French Cinema
France is the birthplace of cinema and has been responsible for many innovations in cinematography. Important cinematic movements, including the New Wave (Nouvelle Vague) began in France. France is proud its strong film industry which is distinctively French. Notable features of typical French cinema include:
- slow, subtle and ambiguous plot-lines
- strong character development
- no expectation of happy, predictable, neat or conclusive endings
- an emphasis on art rather than revenue - partly assisted by state subsidies
These elements characterise a product that is noticeably different from the typical output of Hollywood and Bollywood.

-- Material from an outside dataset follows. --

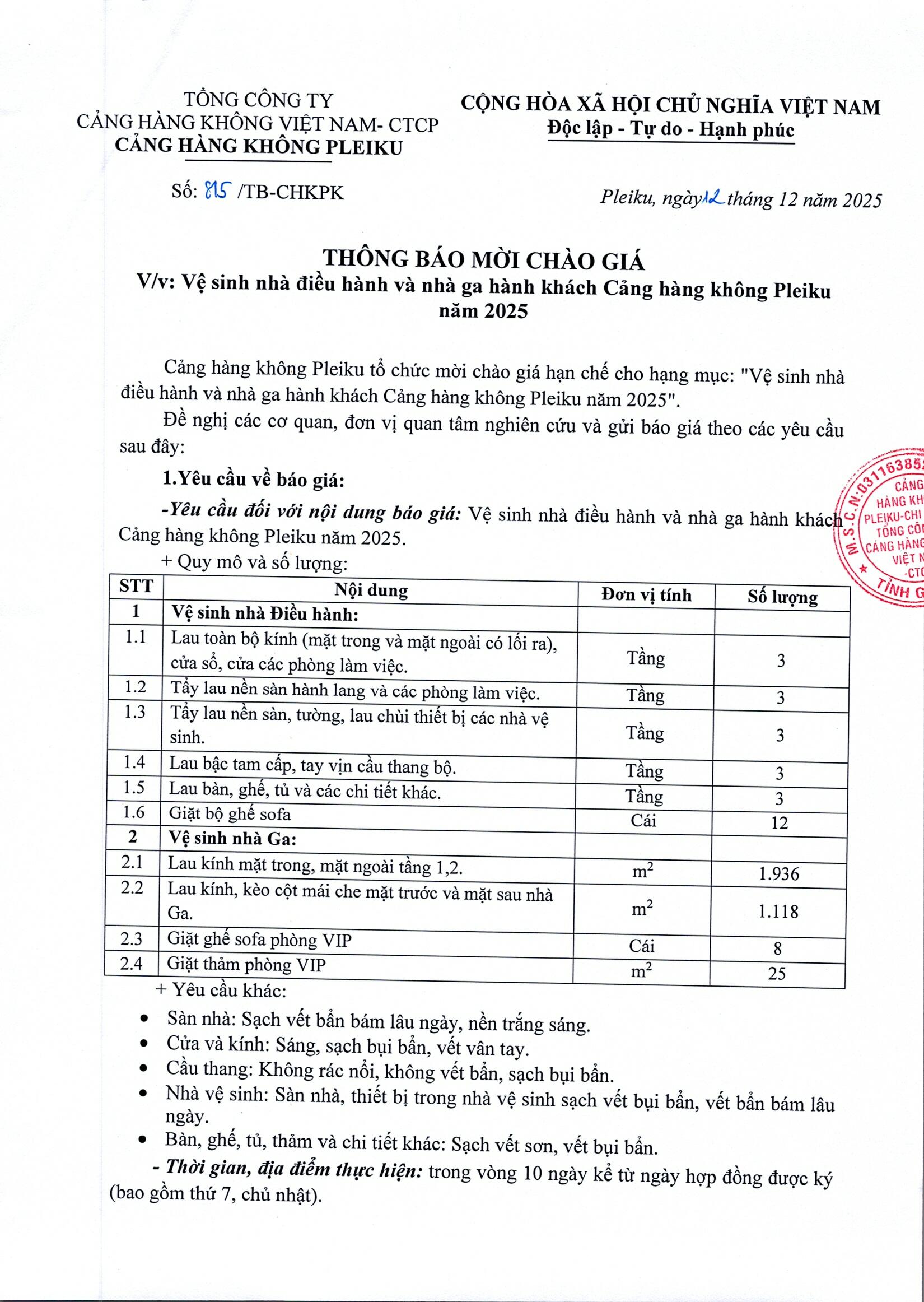 Thông báo mời chào giá vệ sinh nhà điều hành và nhà ga hành khách Cảng hàng không Pleiku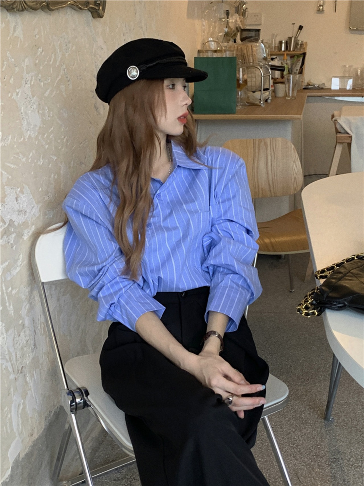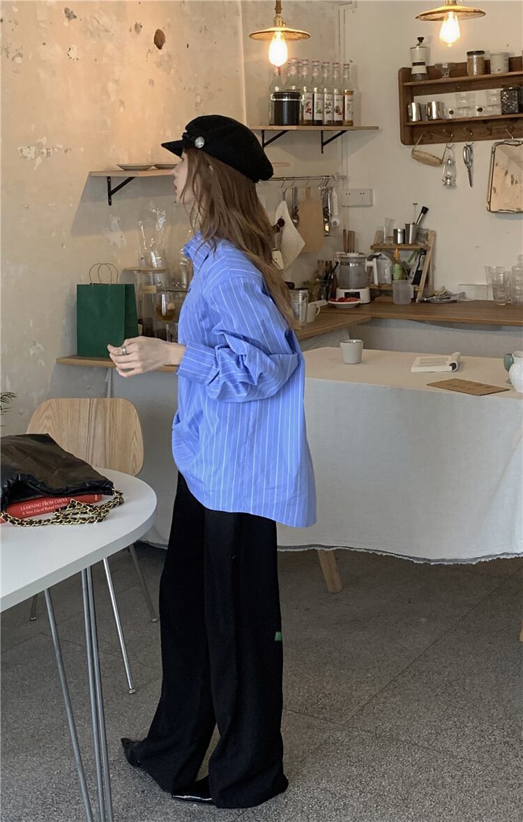 シャツ グリーン ボタン ストライプ ロング スリーブ レディース トップス ルーズ シャツ ブラウス レディース 秋/冬 コットントップ 長袖 オータム 秋物 ウィンター 冬物 got87525689317

A few French films have become popular in the English speaking world, but most are completely unknown except to art-house and Francophone audiences. Many successful French films are remade for English speaking audiences who are generally unaware of the fact. Aficionados familiar with both the French original and the English remake rarely regard the remake as remotely as good as the French original. Le Retour de Martin Guerre was remade as Summersby, La Cage Aux Folles, remade as Birdcage Cyrano de Bergerac, ill-advisedly remade with the same name featuring Steve Martin, and Les Visiteurs remade as The Visitors. La Femme Nikita somehow morphed into a US television series!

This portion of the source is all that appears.